9die Witwen hast du leer lassen gehen und die Arme der Waisen zerbrochen.

10Darum bist du mit Stricken umgeben, und Furcht hat dich plötzlich erschreckt.

11Solltest du denn nicht die Finsternis sehen und die Wasserflut, die dich bedeckt?

12Ist nicht Gott hoch droben im Himmel? Siehe, die Sterne an droben in der Höhe!

13Und du sprichst: “Was weiß Gott? Sollte er, was im Dunkeln ist, richten können?

14Die Wolken sind die Vordecke, und er sieht nicht; er wandelt im Umkreis des Himmels.”

15Achtest du wohl auf den Weg, darin vorzeiten die Ungerechten gegangen sind?

16die vergangen sind, ehe denn es Zeit war, und das Wasser hat ihren Grund weggewaschen;

17die zu Gott sprachen: “Hebe dich von uns! was sollte der Allmächtige uns tun können?”

18so er doch ihr Haus mit Gütern füllte. Aber der Gottlosen Rat sei ferne von mir.

19Die Gerechten werden es sehen und sich freuen, und der Unschuldige wird ihrer spotten:

20“Fürwahr, unser Widersacher ist verschwunden; und sein Übriggelassenes hat das Feuer verzehrt.”
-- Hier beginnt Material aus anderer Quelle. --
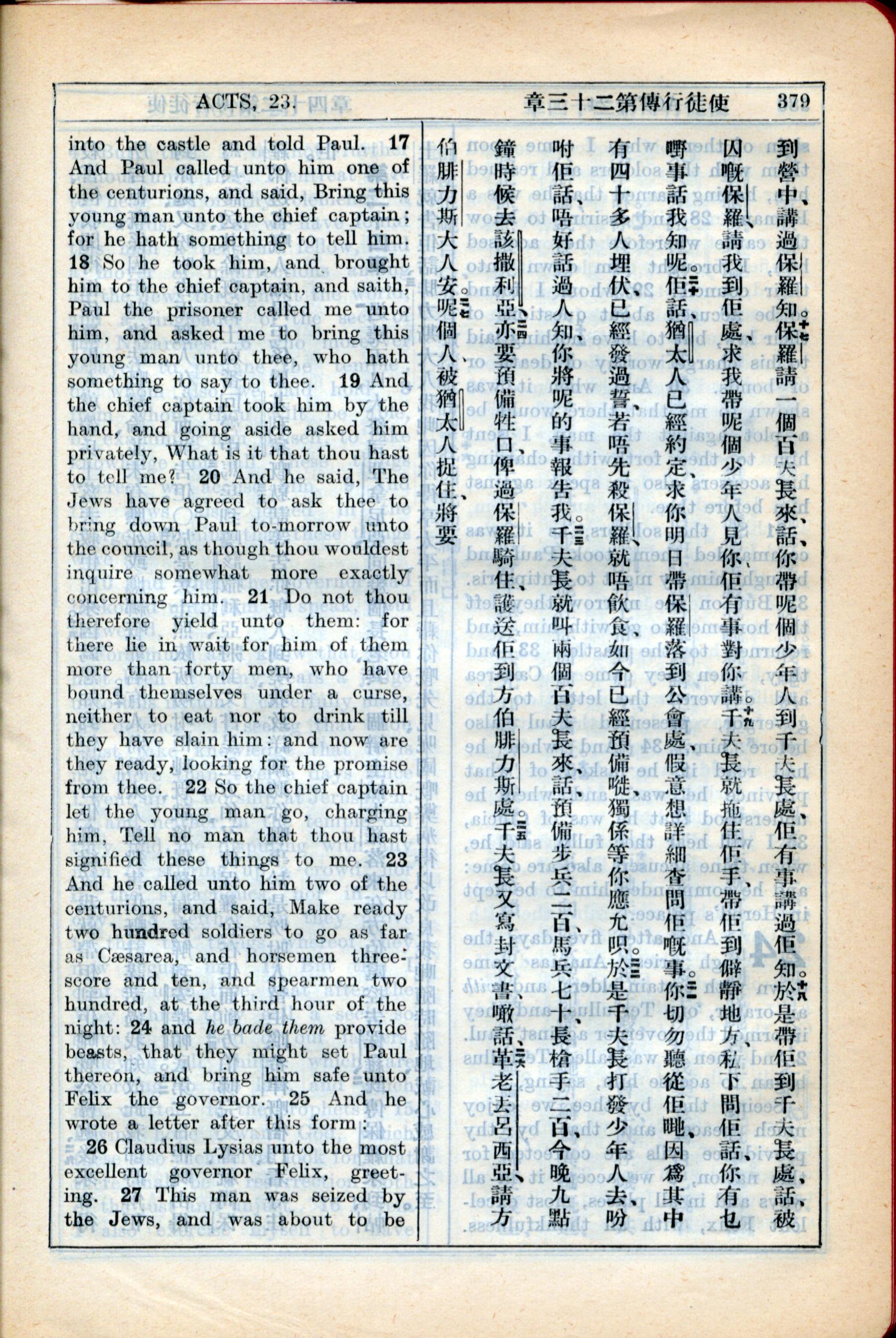 1931年新約全書廣東話新譯本與美國新譯英文 使徒行傳 23 章 17 節到 23 章 27 節

21So vertrage dich nun mit ihm und habe Frieden; daraus wird dir viel Gutes kommen.

22Höre das Gesetz von seinem Munde und fasse seine Reden in dein Herz.

23Wirst du dich bekehren zu dem Allmächtigen, so wirst du aufgebaut werden. Tue nur Unrecht ferne hinweg von deiner Hütte

24und wirf in den Staub dein Gold und zu den Steinen der Bäche das Ophirgold,

25so wird der Allmächtige dein Gold sein und wie Silber, das dir zugehäuft wird.

26Dann wirst du Lust haben an dem Allmächtigen und dein Antlitz zu Gott aufheben.

27So wirst du ihn bitten, und er wird dich hören, und wirst dein Gelübde bezahlen.

28Was du wirst vornehmen, wird er dir lassen gelingen; und das Licht wird auf deinem Wege scheinen.

29Denn die sich demütigen, die erhöht er; und wer seine Augen niederschlägt, der wird genesen.

30Auch der nicht unschuldig war wird errettet werden; er wird aber errettet um deiner Hände Reinigkeit willen.